PROBLEM:
Would you retype, word for word, the line with "This unisex school" and every line after it through the end of the records below?

Records excerpted from a collection:
□ □ □ □ □

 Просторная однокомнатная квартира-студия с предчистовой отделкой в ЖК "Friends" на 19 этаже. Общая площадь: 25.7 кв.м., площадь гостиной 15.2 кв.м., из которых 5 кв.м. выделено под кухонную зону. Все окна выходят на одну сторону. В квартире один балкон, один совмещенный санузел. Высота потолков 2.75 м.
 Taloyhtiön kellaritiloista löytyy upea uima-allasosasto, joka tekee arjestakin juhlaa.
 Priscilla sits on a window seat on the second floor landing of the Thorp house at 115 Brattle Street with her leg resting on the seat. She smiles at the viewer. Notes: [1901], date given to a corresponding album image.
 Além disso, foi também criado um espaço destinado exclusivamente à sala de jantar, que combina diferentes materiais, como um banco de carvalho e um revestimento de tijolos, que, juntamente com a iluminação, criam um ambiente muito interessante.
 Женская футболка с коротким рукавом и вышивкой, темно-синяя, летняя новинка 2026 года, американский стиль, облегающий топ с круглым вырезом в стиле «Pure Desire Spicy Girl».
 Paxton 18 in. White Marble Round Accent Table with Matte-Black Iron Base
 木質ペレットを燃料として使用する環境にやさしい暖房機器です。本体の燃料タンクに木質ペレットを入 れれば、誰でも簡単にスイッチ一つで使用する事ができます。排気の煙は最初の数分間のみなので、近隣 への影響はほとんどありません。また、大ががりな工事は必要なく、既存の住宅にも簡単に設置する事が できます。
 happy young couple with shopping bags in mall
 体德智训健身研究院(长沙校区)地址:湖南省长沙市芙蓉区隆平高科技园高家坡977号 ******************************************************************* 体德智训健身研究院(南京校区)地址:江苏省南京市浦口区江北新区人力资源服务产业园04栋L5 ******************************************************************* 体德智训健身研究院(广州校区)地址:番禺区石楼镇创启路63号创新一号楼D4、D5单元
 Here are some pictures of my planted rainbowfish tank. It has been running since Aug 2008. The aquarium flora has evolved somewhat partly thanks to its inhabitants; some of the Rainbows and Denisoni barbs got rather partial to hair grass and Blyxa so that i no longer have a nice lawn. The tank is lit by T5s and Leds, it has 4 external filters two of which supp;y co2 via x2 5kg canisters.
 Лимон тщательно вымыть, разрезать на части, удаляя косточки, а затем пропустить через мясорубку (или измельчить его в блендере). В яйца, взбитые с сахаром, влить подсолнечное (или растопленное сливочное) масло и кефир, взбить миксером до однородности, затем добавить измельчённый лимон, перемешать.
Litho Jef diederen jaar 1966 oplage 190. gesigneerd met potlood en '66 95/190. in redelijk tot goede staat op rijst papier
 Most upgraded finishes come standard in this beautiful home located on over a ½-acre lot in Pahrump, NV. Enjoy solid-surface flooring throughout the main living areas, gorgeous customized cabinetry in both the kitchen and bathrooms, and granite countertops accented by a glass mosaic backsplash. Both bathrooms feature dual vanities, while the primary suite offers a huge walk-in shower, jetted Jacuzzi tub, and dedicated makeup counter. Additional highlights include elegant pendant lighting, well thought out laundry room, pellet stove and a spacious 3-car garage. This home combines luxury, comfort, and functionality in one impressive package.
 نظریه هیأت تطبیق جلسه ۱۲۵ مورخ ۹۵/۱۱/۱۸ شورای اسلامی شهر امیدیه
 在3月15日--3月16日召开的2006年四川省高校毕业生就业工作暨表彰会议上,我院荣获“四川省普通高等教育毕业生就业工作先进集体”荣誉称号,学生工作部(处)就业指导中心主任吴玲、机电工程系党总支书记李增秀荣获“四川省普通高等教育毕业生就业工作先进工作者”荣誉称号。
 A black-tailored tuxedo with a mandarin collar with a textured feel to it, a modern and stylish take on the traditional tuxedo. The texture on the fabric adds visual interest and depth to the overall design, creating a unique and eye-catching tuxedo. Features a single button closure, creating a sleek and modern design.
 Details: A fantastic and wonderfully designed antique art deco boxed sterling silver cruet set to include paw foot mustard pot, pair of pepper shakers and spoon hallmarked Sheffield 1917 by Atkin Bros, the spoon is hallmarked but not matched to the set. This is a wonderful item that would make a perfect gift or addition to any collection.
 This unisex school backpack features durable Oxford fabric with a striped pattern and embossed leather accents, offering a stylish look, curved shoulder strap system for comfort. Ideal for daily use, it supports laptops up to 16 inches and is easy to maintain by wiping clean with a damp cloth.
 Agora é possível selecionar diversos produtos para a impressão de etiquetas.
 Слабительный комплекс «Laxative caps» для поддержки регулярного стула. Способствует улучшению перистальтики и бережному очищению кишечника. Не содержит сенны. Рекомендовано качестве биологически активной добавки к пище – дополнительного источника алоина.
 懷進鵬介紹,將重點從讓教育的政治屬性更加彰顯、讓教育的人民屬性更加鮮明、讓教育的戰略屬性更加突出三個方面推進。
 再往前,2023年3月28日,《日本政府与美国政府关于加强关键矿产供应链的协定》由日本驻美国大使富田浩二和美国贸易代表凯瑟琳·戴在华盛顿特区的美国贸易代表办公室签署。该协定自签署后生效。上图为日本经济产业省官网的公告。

□ □ □ □ □

ANSWER BELOW:
 This unisex school backpack features durable Oxford fabric with a striped pattern and embossed leather accents, offering a stylish look, curved shoulder strap system for comfort. Ideal for daily use, it supports laptops up to 16 inches and is easy to maintain by wiping clean with a damp cloth.
 Agora é possível selecionar diversos produtos para a impressão de etiquetas.
 Слабительный комплекс «Laxative caps» для поддержки регулярного стула. Способствует улучшению перистальтики и бережному очищению кишечника. Не содержит сенны. Рекомендовано качестве биологически активной добавки к пище – дополнительного источника алоина.
 懷進鵬介紹,將重點從讓教育的政治屬性更加彰顯、讓教育的人民屬性更加鮮明、讓教育的戰略屬性更加突出三個方面推進。
 再往前,2023年3月28日,《日本政府与美国政府关于加强关键矿产供应链的协定》由日本驻美国大使富田浩二和美国贸易代表凯瑟琳·戴在华盛顿特区的美国贸易代表办公室签署。该协定自签署后生效。上图为日本经济产业省官网的公告。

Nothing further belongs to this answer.